13-2:リアル世界(霧島・黒幕サイド)
(場所:大手町・金融中枢ビル 最深部)
(時間:愁ダイブと、ほぼ同時刻)
シン……と静まり返った、巨大なサーバールーム。
「システムダウン」を示す無数の赤いエラーランプだけが、不気味に点滅している。
そこに、あの黒いコートの男が、悠然と立っていた。
奴は、日本経済の“心臓”と呼ぶべき、物理サーバーラックの群れを、愛おしそうに見つめる。
「……仕上げだ」
男は、その“心臓”の一つに、そっ……と手をかざした。
ジュウウウウウウッ!!
黒い呪力が、まるで強酸のように、男の手からサーバーラックに侵食していく!
バチッ! バチチチチッ!
物理的な火花が散り、内部の精密機械が焼け焦げる、黒い煙が上がった。
デジタル(呪い)でシステム(OS)を殺し、物理でハード(心臓)を焼く。
完璧な「詰み」だ。
(場所:地下室・特殊事案対応室)
「……!」
ダイブしている愁の身体と、詠唱を続ける詩織を守るように立っていた霧島さんが、壁の大型モニターを睨みつけ、鋭く息を呑んだ。

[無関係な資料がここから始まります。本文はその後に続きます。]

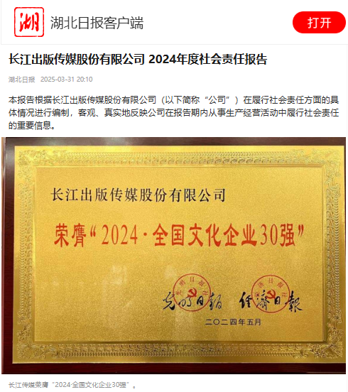 湖北日報客戶端 | 長江出版?zhèn)髅焦煞萦邢薰?2024年度社會責任報告

そこには、大手町の、唯一かろうじて生き残っていた監視カメラの映像が、ノイズまじりで映し出されていた。
ザザッ……ピー……!
ノイズの向こう側に、黒い人影。
物理サーバーに手をかざす、あの黒幕の姿を、ハッキリと捉えていた。
「(舌打ち)――チッ! マズい!」
霧島さんの、本気で焦った声が、地下室に響く。
「あの野郎……! デジタル(呪い)でシステム(中枢)を弱らせて、物理で“心臓”を喰う気だ!」
(こ、こいつぁヤベェぞ!)
霧島さんは、ダイブして意識のない愁の身体に向かって、インカムを通して叫んだ!